Abstract

In emerging fields such as machine learning, quantum computing, biomedical imaging, and robotics, data and decisions often exist in curved, non-Euclidean spaces due to physical constraints or underlying symmetries. Riemannian online optimization provides a new framework for handling learning tasks where data arrives sequentially in geometric spaces. This monograph offers a comprehensive overview of online learning over Riemannian manifolds.

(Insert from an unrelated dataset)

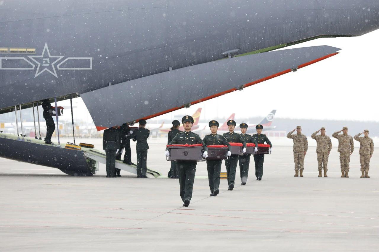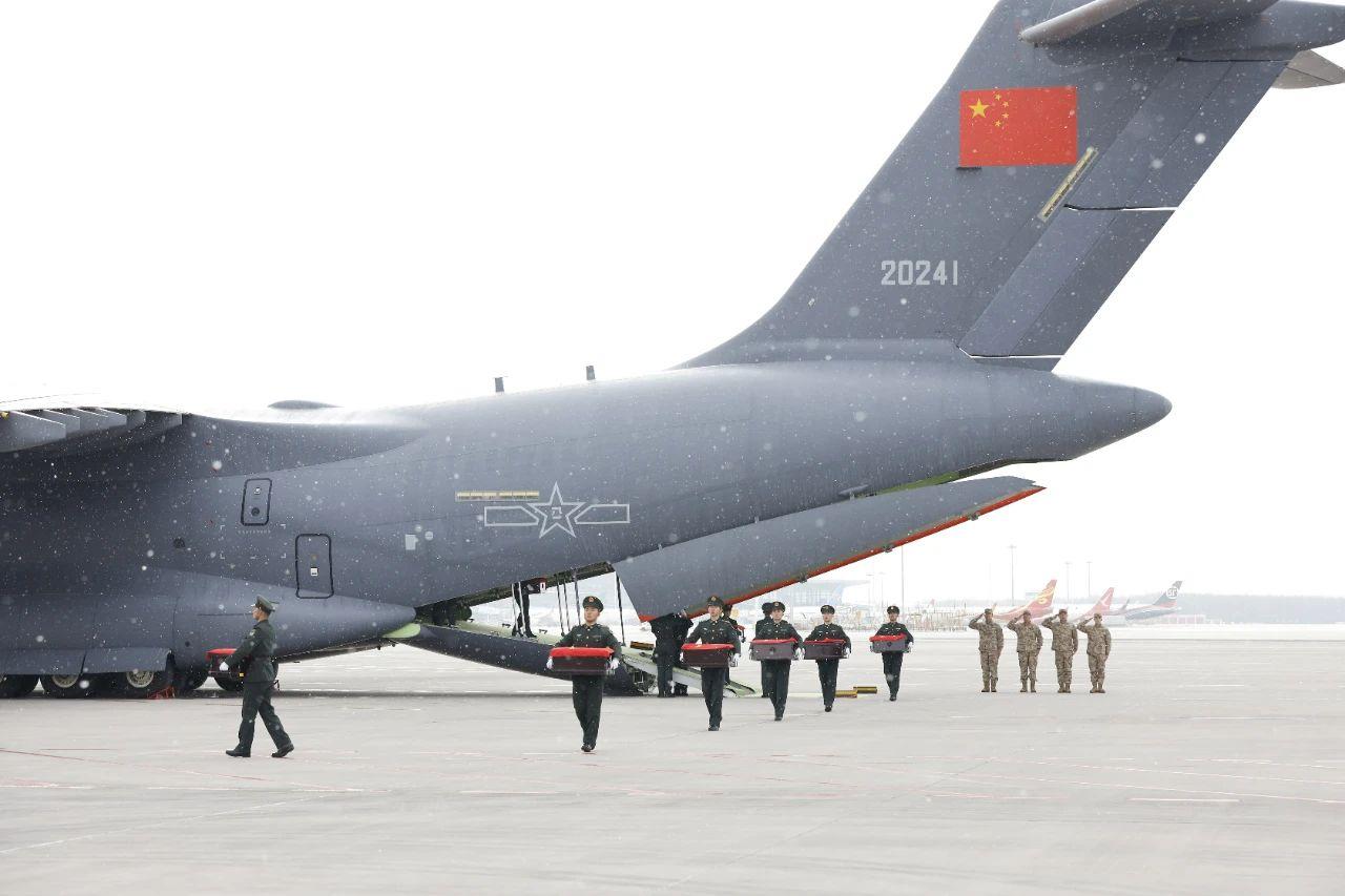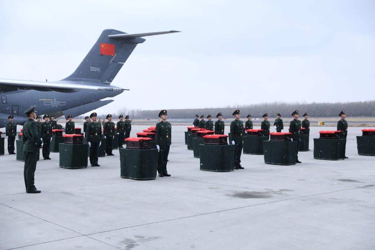 11月23日上午,第十批在韩中国人民志愿军烈士遗骸回到祖国母亲的怀抱,25位志愿军烈士英灵及遗物由我空军专机从韩国接回并护送至辽宁沈阳。

Riemannian Online Learning

Riemannian optimization is a powerful tool for decision-making in situations where the data and decision space are structured as non-flat spaces due to physical constraints and/or underlying symmetries. In emerging fields such as machine learning, quantum computing, biomedical imaging, and robotics, data and decisions often exist in curved, non-Euclidean spaces due to physical constraints or underlying symmetries. Riemannian online optimization provides a new framework for handling learning tasks where data arrives sequentially in geometric spaces.

This monograph offers a comprehensive overview of online learning over Riemannian manifolds, and offers a unified overview of the state-of-the-art algorithms for online optimization over Riemannian manifolds. Also presented is a detailed and systematic analysis of achievable regret for those algorithms. The study emphasizes how the curvature of manifolds influences the trade-off between exploration and exploitation, and the performance of the algorithms.

After an introduction, Section 2 briefly introduces Riemannian manifolds, together with the preliminary knowledge of Riemannian optimization and Euclidean online optimization. In Section 3, the fundamental Riemannian online gradient descent algorithm under full information feedback is presented, and the achievable regret on both Hadamard manifolds and general manifolds is analyzed. Section 4 extends the Riemannian online gradient descent algorithm to the bandit feedback setting. In Sections 5 and 6, the authors turn to two advanced Riemannian online optimization algorithms designed for dynamic regret minimization, the Riemannian online extra gradient descent and the Riemannian online optimistic gradient descent.